Walleye are another late fall option worth exploring. They feed well under cloudy skies during the day at this time of the year and persist with a night bite right through Thanksgiving if the weather stays relatively mild. Whereas the ‘eyes spend a lot of time sulking down deep in open water during the hotter months of the year, your November quarry is more likely to cruise up close to the beach making them available to waders and bank fishermen. Sometimes, they’ll even invade the same shoreline brush piles and stick-ups that bass favored back in mid-September.
The thing to keep in mind when targeting walleye late in the month is that you’ll rarely have a boom night. Get down to the water, fan cast to cover an area thoroughly and then move on. You might pick two fish, maybe three, from a tight spot but the struggle of the first one you hook generally clears the immediate area. Shallow diving plugs work for the ‘eyes, as do live night crawlers on a double-hook harness drifted just above the bottom if you don’t mind culling through a ton of perch, crappies and sunfish.

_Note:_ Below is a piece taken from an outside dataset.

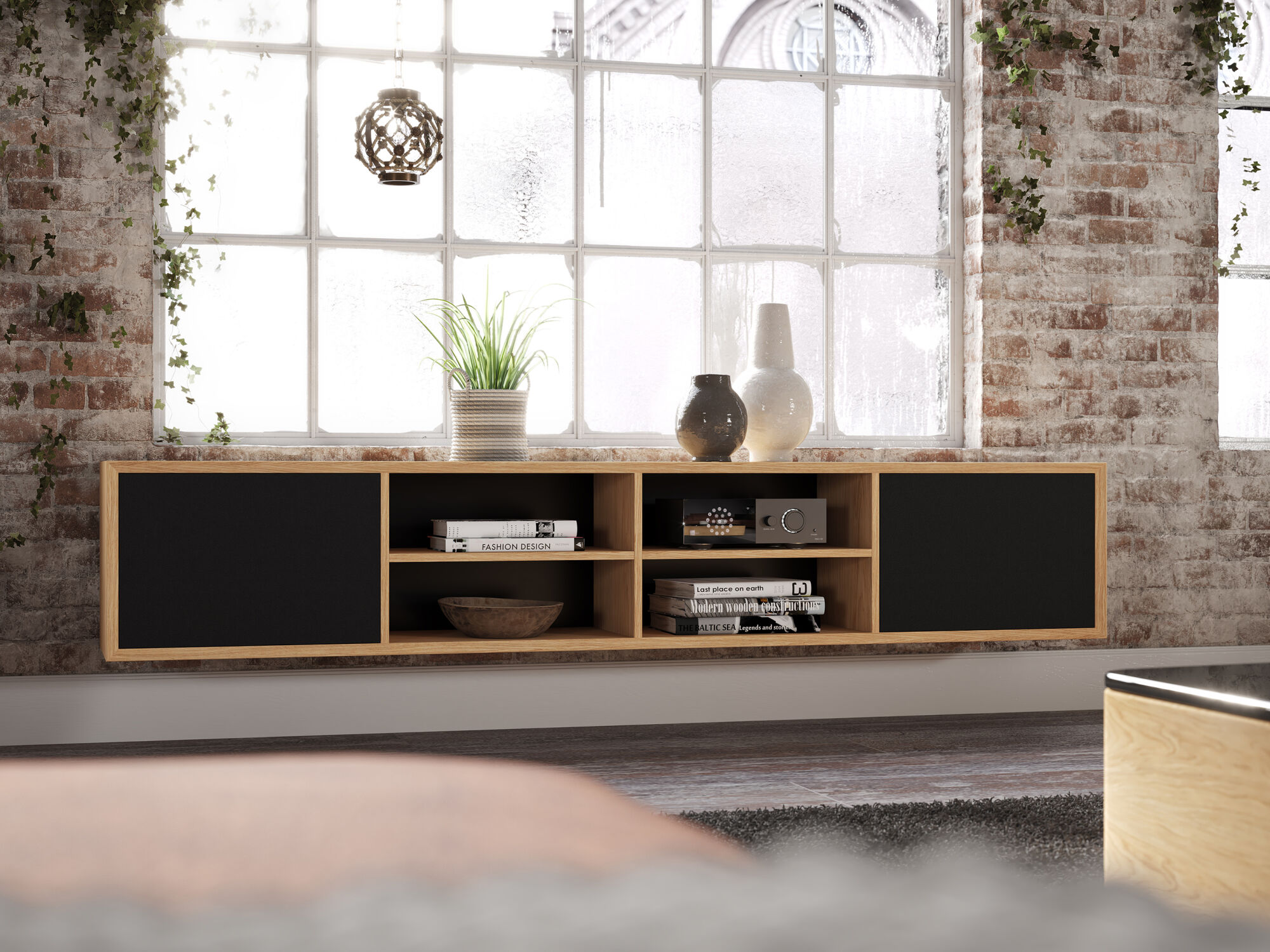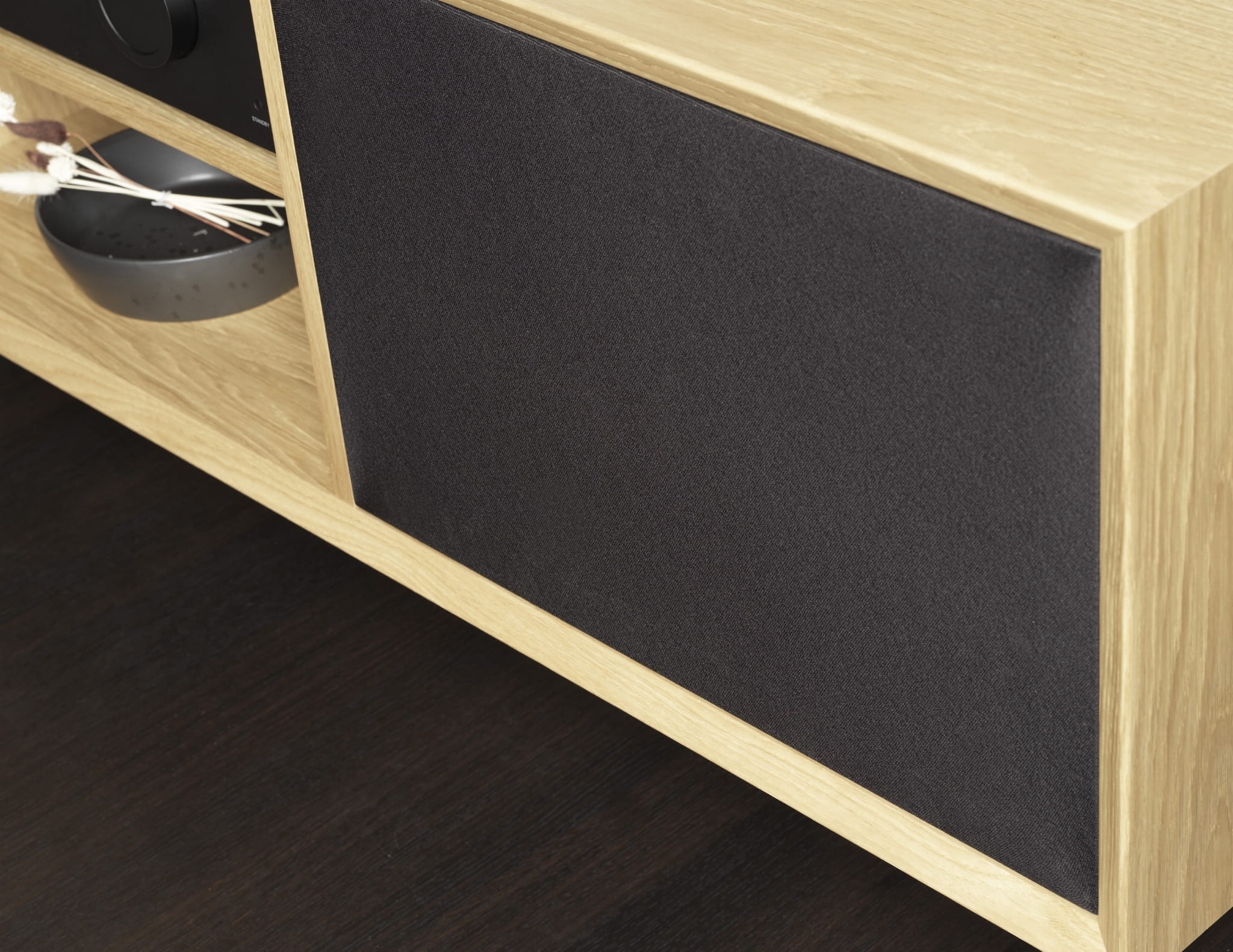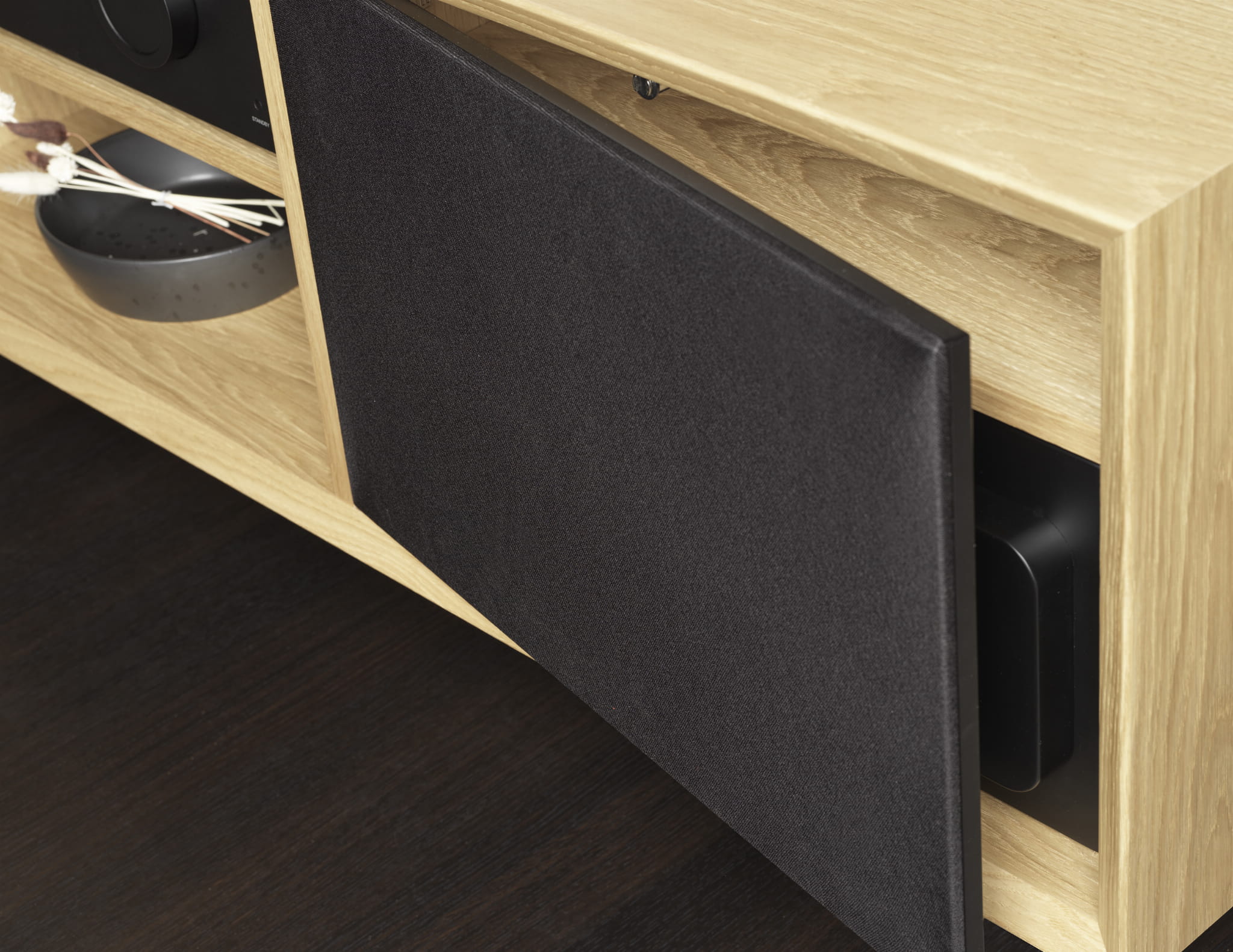- takie specjalne umieszczenie głośnika pozwala zmniejszyć dyfrakcję dźwięku na krawędziach wnęki meblowej i poprawia kierowanie dźwięku w stronę obszaru odsłuchu, a co za tym idzie zapewnia lepsze budowanie przestrzeni dźwiękowej

Carp also make good November targets. While most anglers think of these huge members of the minnow family as a spring challenge, they are easy to find and bait once the weeds die back. Look for expansive flats that are drenched by the sun between 11:00 a.m. and 3:00 p.m. and paddle, wade or cruise until you begin to push a few of these battle cruisers around. Return to areas where you had significant encounters, anchor quietly, and cast into prime territory from a generous distance away. Even better, wait until the next day and get in position an hour or two earlier than your previous encounter. Now, cast a quarter-sized bread ball, store-bought carp paste or several kernels of corn strung on a size 1 or 2 sproat-style hook and allow the bait to settle to the bottom. Given a little bit of time the carp should sniff out your offering. Set the hook as soon as your line twitches and hold on tight as 20-pounder steams away beneath a big v-wake.
Serious pickerel action is also still very much in play this month. Whereas in October the biggest picks tend to hang in five- or six-foot depths off prominent points or adjacent to outflows, November sees them favor the same depths in areas that parallel straight, nondescript, boring shorelines. November is a great month to spend some quality time searching specifically for big pickerel and I make it a point to give this a shot every fall. Usually, I’ll troll 5-inch Rapalas or similar floating minnows which, depending on the lake, might also result in a nice bass or even a big trout. You aren’t likely to cross paths with many of the mean, green feeding machines if you limit your scope to working outside the shallows, but it takes just a single 3-pounder to turn most anglers into converts forever.
For all of the above, the most reliable freshwater action in November is likely to be trout fishing if you live in an area with fall stockings and an open season. You’ll find late-season trout a little more difficult to tempt with each passing week but a slow and steady retrieve with a light spinner or one-quarter-ounce Kastmaster spoon should continue to bring decent results. Expect catches to be best early or late in the day, and make the switch to Power Nuggets, cheese balls or a lowly night crawler as water temperatures continue to drop or any time foul weather significantly degrades water clarity.